§ TASK DESCRIPTION
Set down each entry exactly as given; pictures should not appear in the copy.
------------
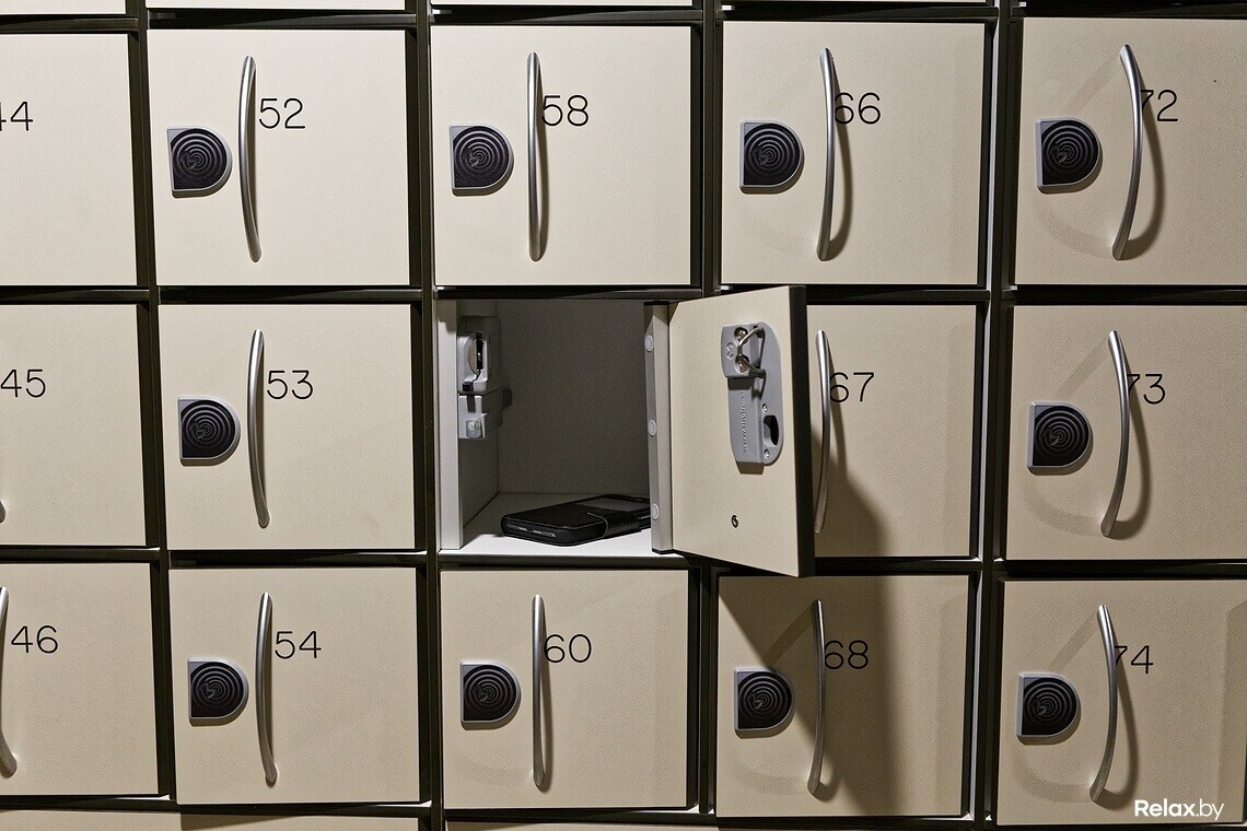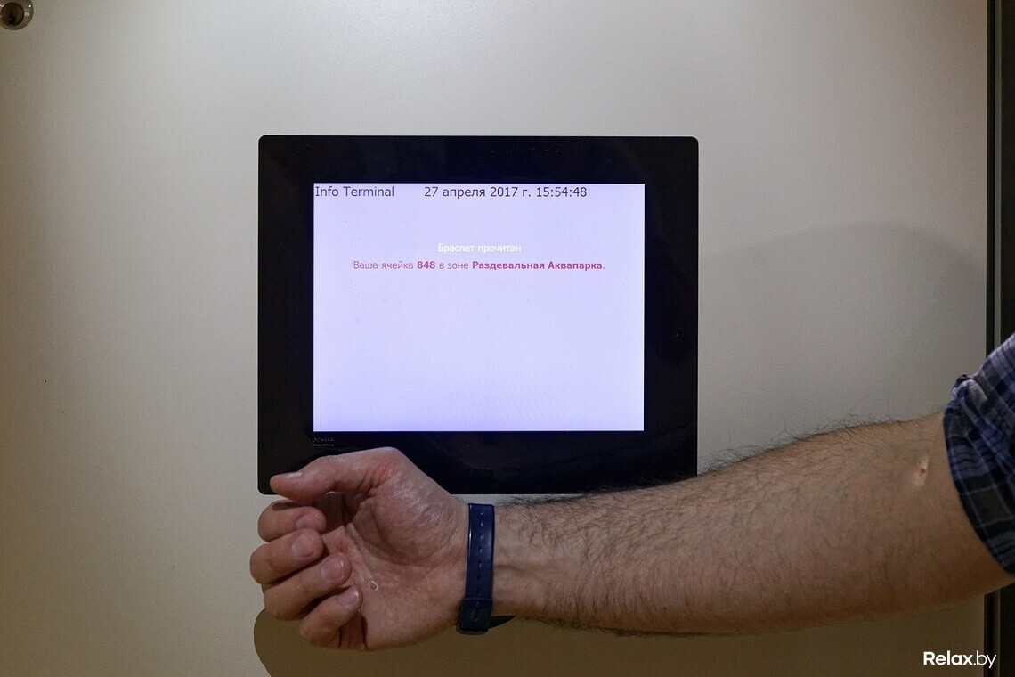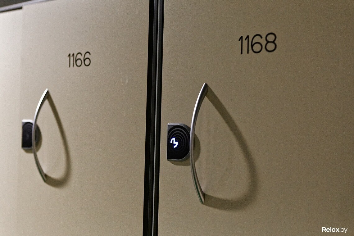 Уличную одежду, обувь и ценные вещи оставляют в шкафчиках. Прикладываете браслет — и ваша собственность оказывается под замком и неусыпным взглядом камер наблюдения.
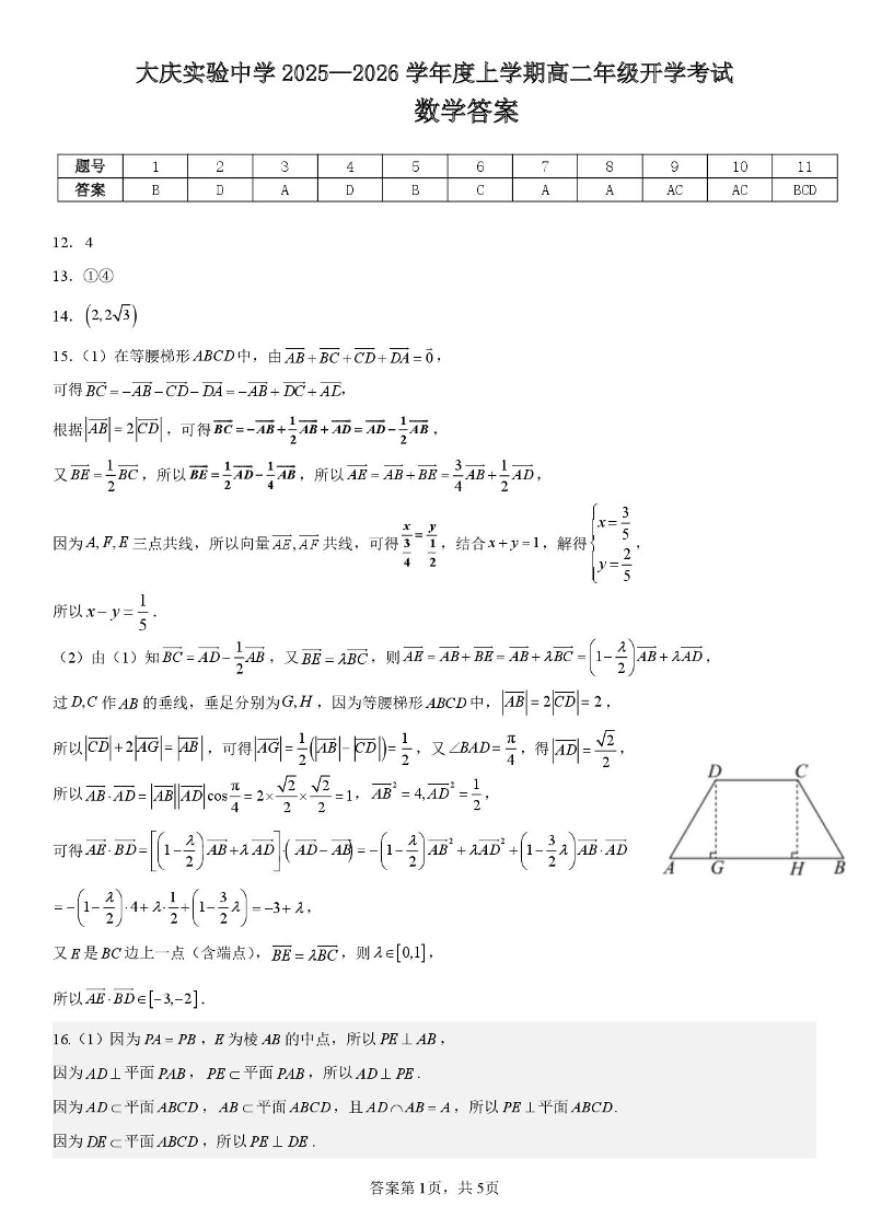 高二数学答案--黑龙江省大庆实验中学2025-2026学年高二上学期开学考试
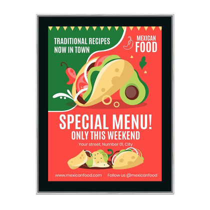 If you are looking for a changeable 13x19 poster holder that provides a bold appealing presentation then SwingFrame's Super Wide-Face Poster Display is an ideal choice. The 2 3/8" slightly curved contemporary metal frame profile enhances the overall look of your printed materials such as advertising material, photograph or sign.
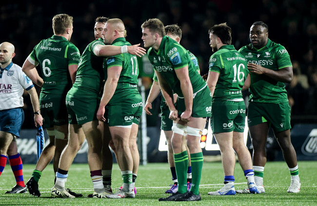 Connacht: Piers O’Conor (JJ Hanrahan 54); Shayne Bolton, Hugh Gavin, Cathal Forde, Chay Mullins (Santiago Codero 42); Josh Ioane, Ben Murphy (Matthew Devine 54), Peter Dooley (Jordan Duggan 54), Dave Heffernan (Dylan Tierney-Martin 61), Jack Aungier (Sam Illo 22-30, 61); Josh Murphy (Oisin Dowling 61), Joe Joyce; Cian Prendergast, Shamus Hurley-Langton, Paul Boyle (Sean Jansen 15-25).
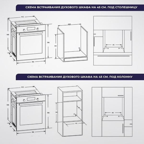| Размеры ниши для встраивания (ВхШхГ) | 58.5х42х56.5 см |
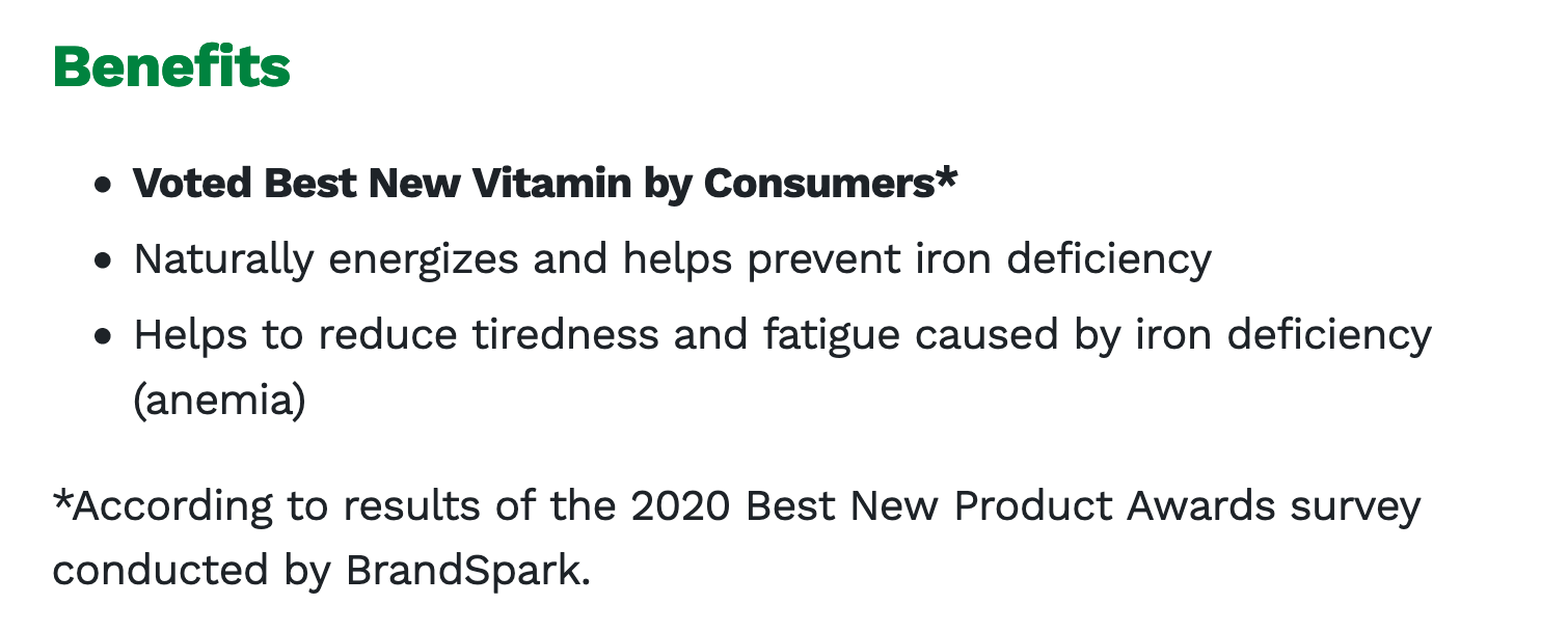 Jamieson lists awards in their product description for Iron + Vitamin B12 Chewable vitamins.
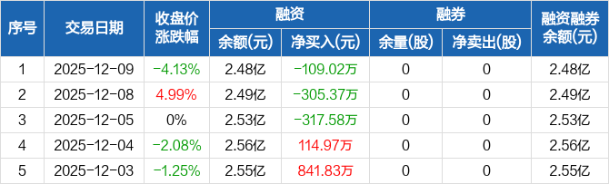 永杉锂业:连续3日融资净偿还累计731.96万元(12-09)
------------
§ TASK RESPONSE
 Уличную одежду, обувь и ценные вещи оставляют в шкафчиках. Прикладываете браслет — и ваша собственность оказывается под замком и неусыпным взглядом камер наблюдения.
 高二数学答案--黑龙江省大庆实验中学2025-2026学年高二上学期开学考试
 If you are looking for a changeable 13x19 poster holder that provides a bold appealing presentation then SwingFrame's Super Wide-Face Poster Display is an ideal choice. The 2 3/8" slightly curved contemporary metal frame profile enhances the overall look of your printed materials such as advertising material, photograph or sign.
 Connacht: Piers O’Conor (JJ Hanrahan 54); Shayne Bolton, Hugh Gavin, Cathal Forde, Chay Mullins (Santiago Codero 42); Josh Ioane, Ben Murphy (Matthew Devine 54), Peter Dooley (Jordan Duggan 54), Dave Heffernan (Dylan Tierney-Martin 61), Jack Aungier (Sam Illo 22-30, 61); Josh Murphy (Oisin Dowling 61), Joe Joyce; Cian Prendergast, Shamus Hurley-Langton, Paul Boyle (Sean Jansen 15-25).
| Размеры ниши для встраивания (ВхШхГ) | 58.5х42х56.5 см |
 Jamieson lists awards in their product description for Iron + Vitamin B12 Chewable vitamins.
 永杉锂业:连续3日融资净偿还累计731.96万元(12-09)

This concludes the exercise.